DBWI: Poland et al never become SSRs of the Soviet Union

Remember when Soviet Union President Mikhail Gorbachev announced his resignation in December 1991 and with it the end of the USSR?

As soon as he left office, the Polish, Prussian, Serbian, Bosnian, Bulgarian, Crimean, Armenian, Estonian, Latvian, Lithuanian, Moldavian, Byelorussian, Azerbaijani, Turkmen, Abkhazian, Manchurian, Mongolian, Kurile, Uzbek, Kazakh, Kurdish, and Ukrainian Soviet Socialist Republics declared their independence and immediately received worldwide diplomatic recognition.

Only the Siberian and Chechen SSR's elected to stay with Russia. Manchuria elected to join China.

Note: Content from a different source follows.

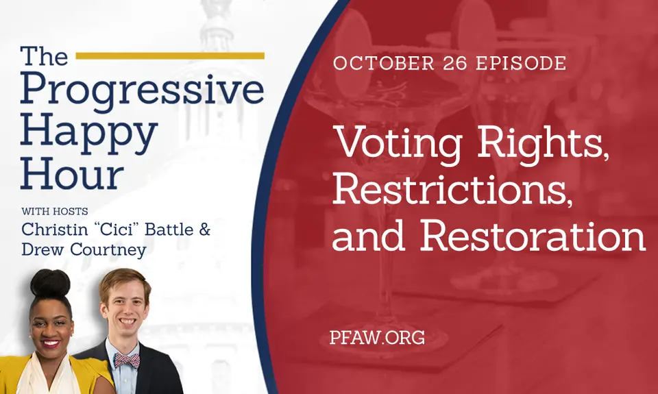 In the October 26 episode of “The Progressive Happy Hour,” cohosts Cici Battle and Drew Courtney talk to Jen Herrick, senior policy analyst at PFAW, about voter suppression and restrictions, and how a voting restoration ballot initiative on the ballot in Florida could change the state’s politics.
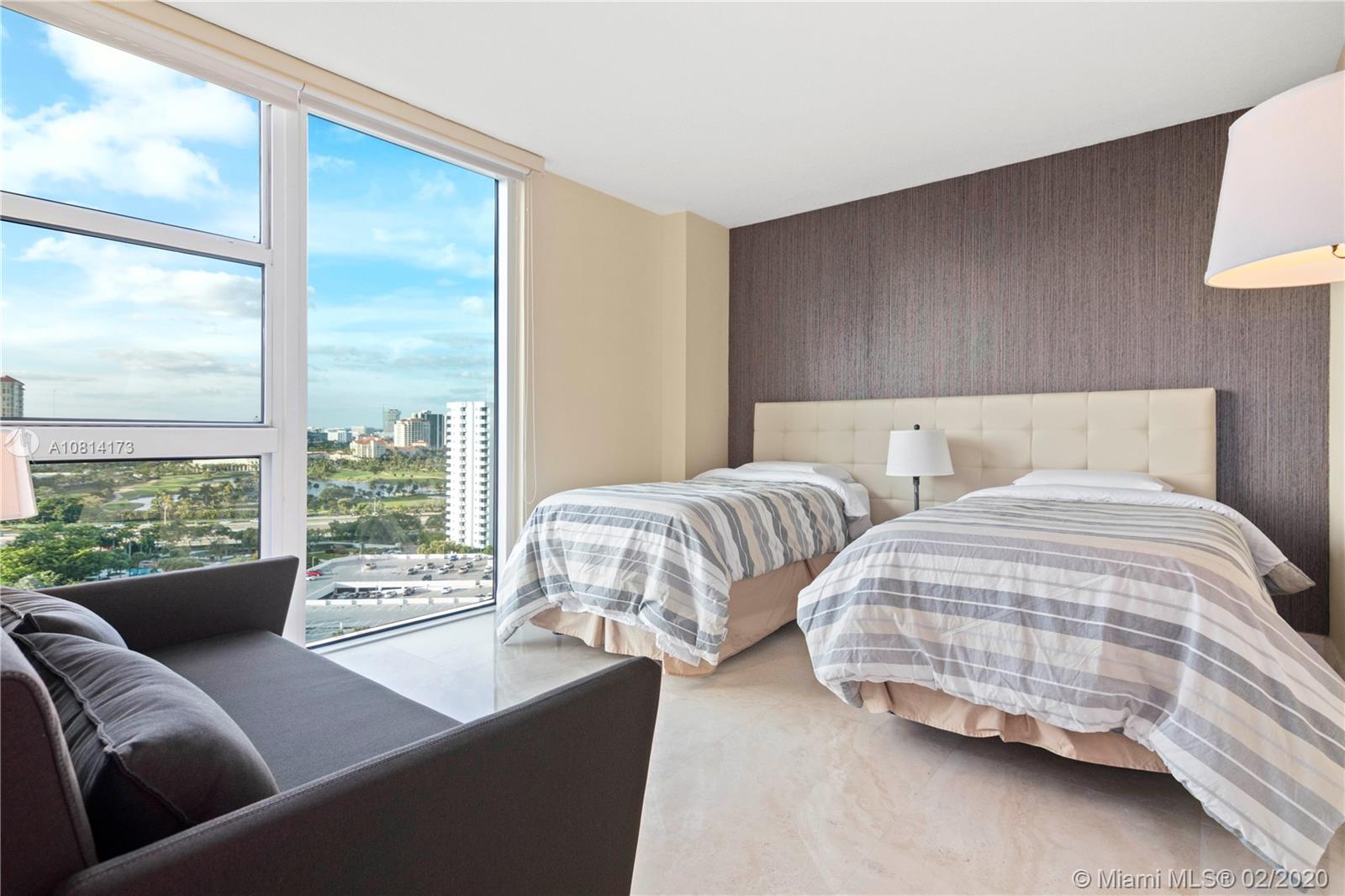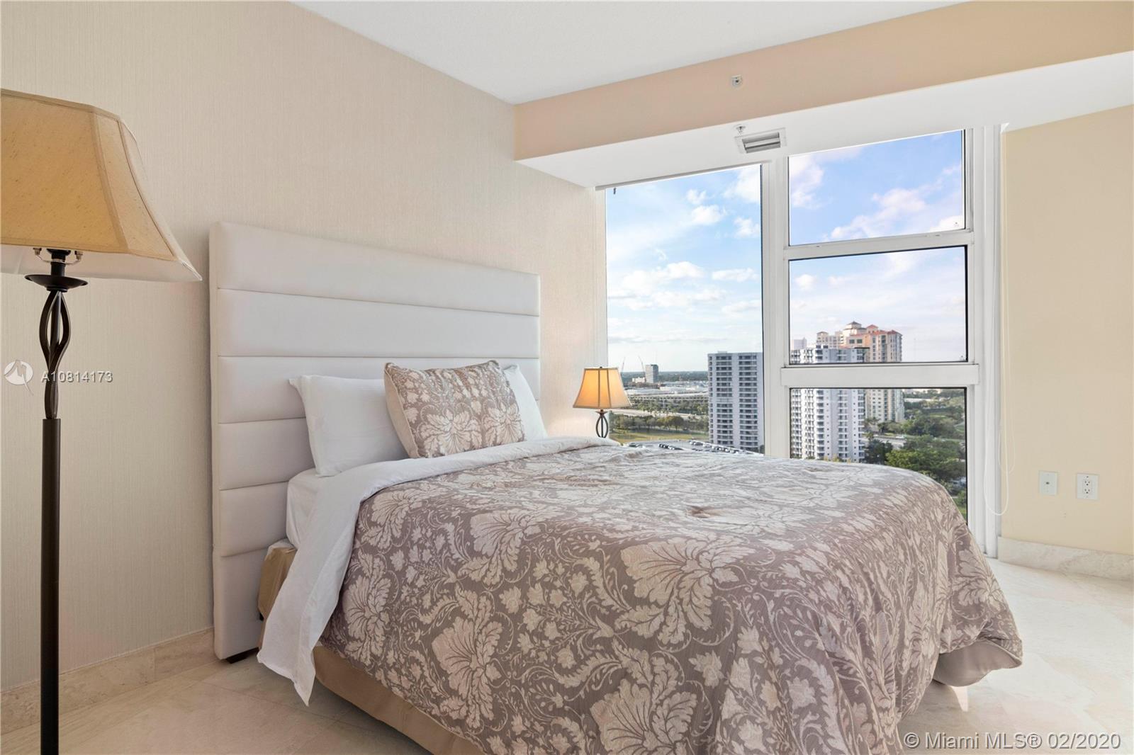 BEST PRICED 3 Bedroom unit in high floor, in the building! Beautiful 3/2/1 + DEN in mint condition. Flow through floor plan with bay and city views, offered Turn-Key with high-end furniture included. Gourmet kitchen with built-in oven and breakfast countertop. Formal dining, DEN and living room. Powder room and laundry. Master bedroom with walk in closet. Master bathroom with 2 sinks and shower separated from the tub. Hurricane windows and hurricane sliding doors. Semi private elevators. 1 assigned parking spot. Building offers: Valet Parking, Fitness center, Social & Card Room, Kids Room, Library, pool and jacuzzi, tennis and squash fields. Boatdock and Marina with services.

If these countries were never conquered an incorporated into the USSR after World War II by Joseph Stalin and his successor Lazar Kaganovich, would they have become sovereign Communist nations like Hungary, Romania, Albania and Czechoslovakia?
 
Certainly the accusations of Pope John XXIV (OOC: OTL's Pope John Paul II) being a "Soviet thug" would have certainly been muted in 1979. For many the 1980s, were filled with anti-Catholic sentiment, based on the notion that the Pope would be beholden to the Soviet leadership.

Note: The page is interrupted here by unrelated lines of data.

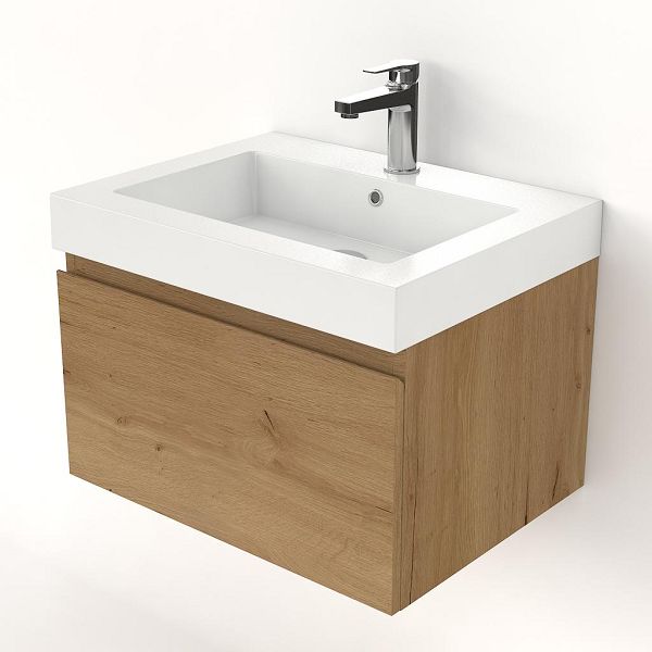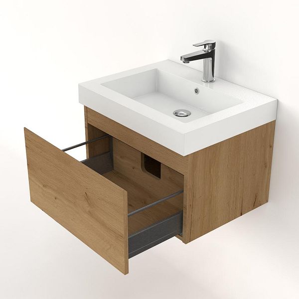 Greeploos badkamermeubel in de kleur eiken natuur is 60 cm breed. De wastafel is vervaardig in polystone en heeft de kleur wit. Dit badkamermeubel met deze wastafel is leverbaar tussen de 60 cm t/m 160 cm
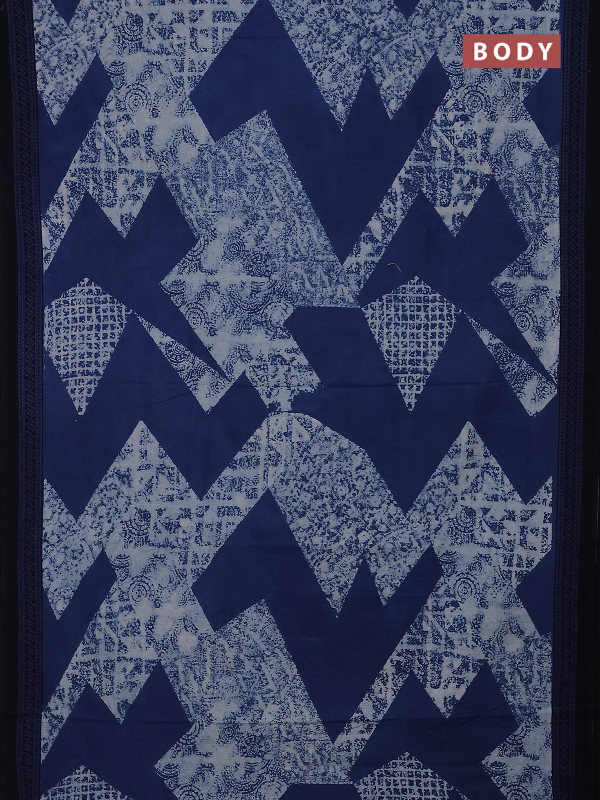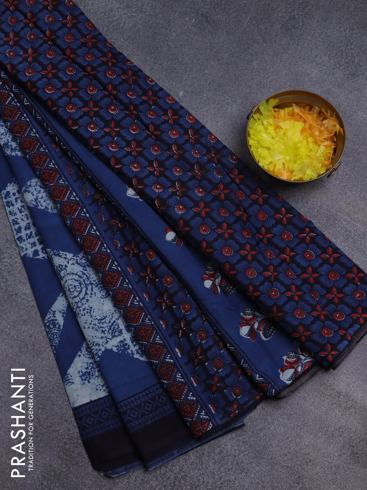 Jaipur cotton saree indigo blue beige and black with allover prints and printed border
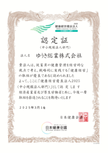 この認定は従業員の健康を大切にし、働きやすい環境づくりに積極的に取り組んでいる企業に与えられるものです。
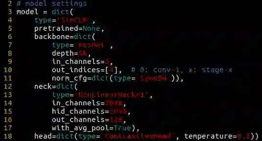 1. 改进现有算法。OpenSelfSup 用 config 文件来定义各种参数和模块,方便修改。config 中还支持一些较复杂的调整,比如 data augmentation 的组合、learning rate schedule、独立调整某些网络参数的优化参数等。例如,你希望单独调整 head 中 fully-connected layer 的 momentum 和 learning rate,或者 backbone 中某几层的 weight decay 等等,那么你可以在 config 中 optimizer: paramwise_option 下用正则表达式筛选出对应网络参数,然后指定这些值,而不需要改动代码。
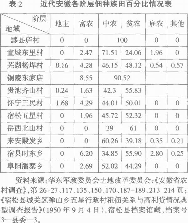 表中所列的是土改时期安徽自南向北作为典型调查的11个村(乡),虽不能精确反映全省状况,但能说明大概。在近代安徽,各阶层都有佃种族田的人,但差别很大。无论从各地还是全省总体看,中农和贫农租种了90%以上的族田。富农佃种族田在绝大部分地区都有,但所占比例很低,平均只租种了3%。地主、雇农和其他阶层不但极少租种族田,而且租田所占的比例也极低。
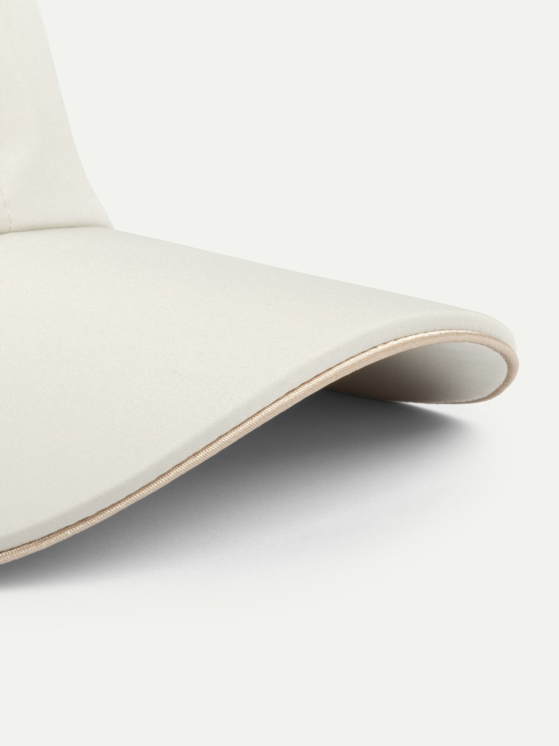 This baseball cap has been made in Italy from luxurious technical fabric. The soft matte outer shell is crafted from recycled fish nets and boasts a wind- and waterproof finish, while the interior is lined with 100% cotton for ultimate comfort. A refined detail, the signature Ziamore gold satin piping around the brim. Ideal for refined leisure looks.
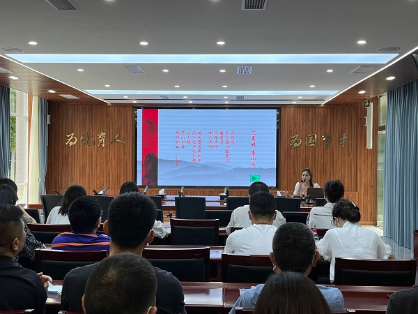董芝艳以《读红色诗词,悟辉煌党史》为题,从诗词写作背景、文学表现手法两方面对毛泽东主席所作《忆秦娥·娄山关》进行了深刻细致的解读,向党员同志们展示了红军长征途中经历的娄山关战役,带领党员们领略了伟大的长征精神,为党员们带来了一堂生动的党史学习教育课。

Also, there certainly would have been a larger worldwide population of Jewish people. The mass graves and "internment camps" that were uncovered in 1964, serve notice that Communism is a vile and inhumane system....
 
If the Prussians managed to escape Russia, they'd have tried to join the German Democratic Republic. And if Poland broke free, through violence or otherwise, they couldn't have remained free for long. Stalin had always hated the Poles, and Kaganovich was just Stalin's carbon copy. Stalin had always wanted to expand the USSR to the Rhine. He wouldn't have tolerated even a puppet state to his west.
 
One POD that has been proposed is "What if FDR had not gone with a 'two-front war' strategy against the Axis rather than the 'Japan First' policy in 1941?" Considering the relationship between PM Winston Churchill and FDR, there is a good possibility that such a strategy could have led to a greater role in Europe before 1946...

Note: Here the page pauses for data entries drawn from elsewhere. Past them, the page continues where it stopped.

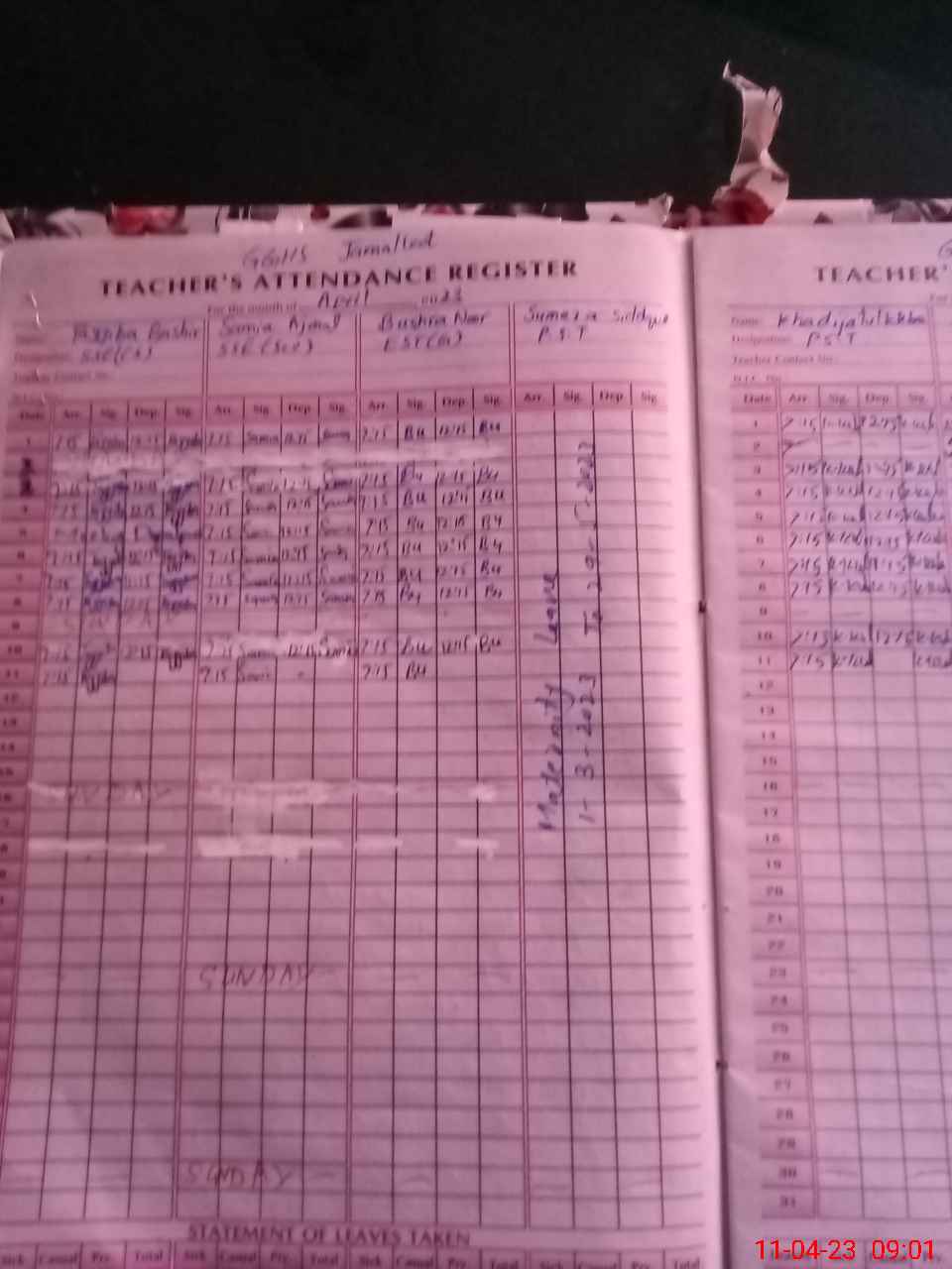 | 35**** | Su**** Si**** | PST | Regular | 31 | 0 | 0 | 31 | 0 | 0 | 0 | 0 | 0 | Maternity |
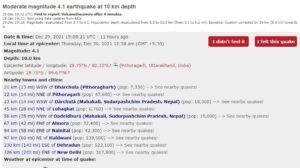 भूकंप के झटकों से डोली पिथौरागढ़ की धरती, 4.1 थी तीव्रता
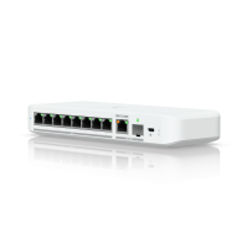 Ubiquiti USW-FLEX-2.5G-8 är en kompakt 8-ports switch med 2.5 Gbps-hastighet och en 10 Gbps RJ45/SFP+ kombinerad uplink-port. Den har en total switchkapacitet på 60 Gbps och kan strömförsörjas via PoE eller en valfri USB-C-adapter.
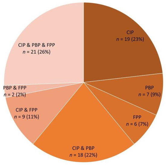 A single pattern was observed in 32 goats (27.6% of all goats, and 39% of 82 goats with pneumonia confirmed histopathologically), of which most (n = 19, 59%) had CIP. A mixed pattern was observed in 50 goats, and only in 2 of them was CIP not involved (Figure 2).
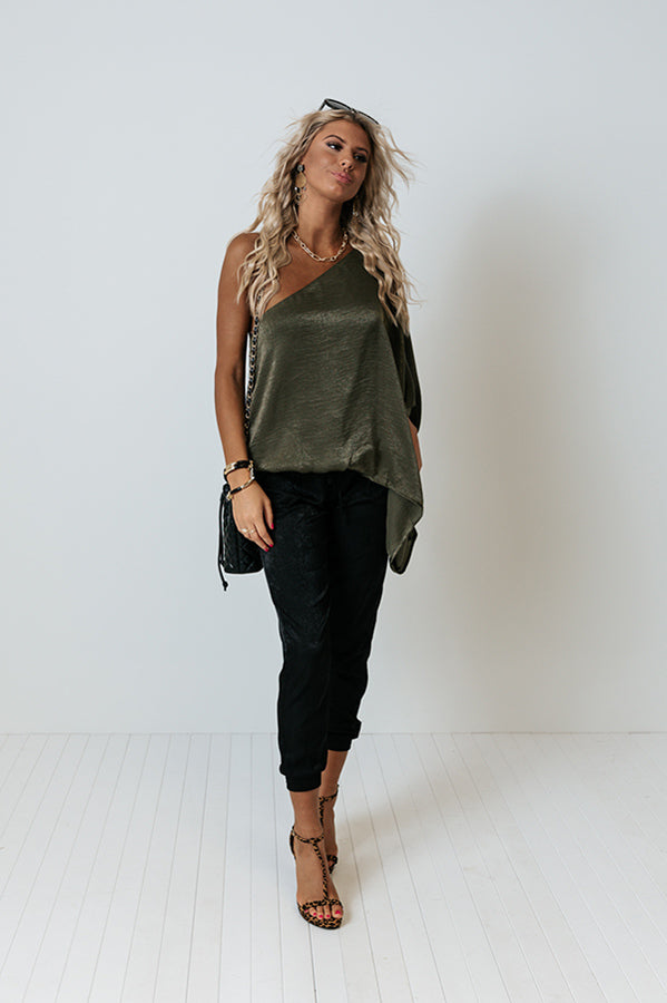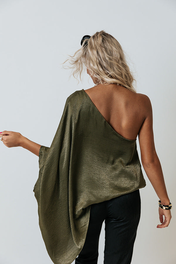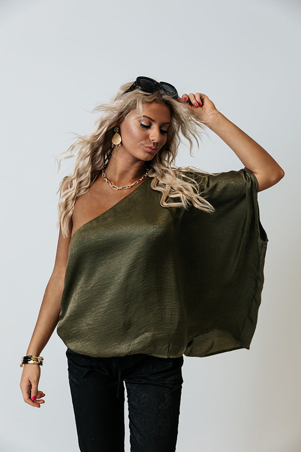 People are sure to crush on you when you arrive in this pretty martini olive hued top featuring lightweight satin material, a diagonal neckline and upper back with a single oversized 3/4-length bat wing sleeve, and an ultra draped silhouette that falls into an uneven hemline!

Then again, would Stalin have allowed American and British troops in Western and Central Europe (c.1942)?
 
The Great Central European War Zone perhaps could be averted. The millions of refugees who fled after the whole CE started to burn into flames in numerous ethnic conflicts from Adriatic to Crimea would not swarm Western European cities.
And that disgusting show in tv filming the exploits of guerillas wouldn't take place.

(btw also see:
http://en.wikipedia.org/wiki/Xavras_Wyżryn)
 
The Great Central European War Zone perhaps could be averted. The millions of refugees who fled after the whole CE started to burn into flames in numerous ethnic conflicts from Adriatic to Crimea would not swarm Western European cities.
And that disgusting show in tv filming the exploits of guerillas wouldn't take place.

(btw also see:
http://en.wikipedia.org/wiki/Xavras_Wyżryn)
While we may disagree with Anderson Cooper's documentary that covered the activities of the Polish guerillas in Gdansk, Warsaw, and Wroclaw, it served to make the American public aware of the atrocities being committed in the region in 1996. Just remember that Amnesty International and Human Rights Watch had been talking about the atrocities since 1992, but had received little mainstream press coverage...
 
OOC.

First why the fuck would Soviets be committing genocide against Jews. Its not like "kill Jews" is no1 on every evil power's to do list.

Second, you can never get all those countries in USSR. If they tried anything like that in '45. they would at least face a number of insurrections. And most likely a open war with Allies , at least in '46. or '47. And if you nuke half a dozen to dozen Soviet cities per year from '46. onward there is zero chance of Joe 1 in '49.


Any plausible "bigger than OTL USSR" has to be done with WWI and Revolution related PODs. Keep Finland and win and keep Poland. Maybe parts of Romania. And that is pretty much it.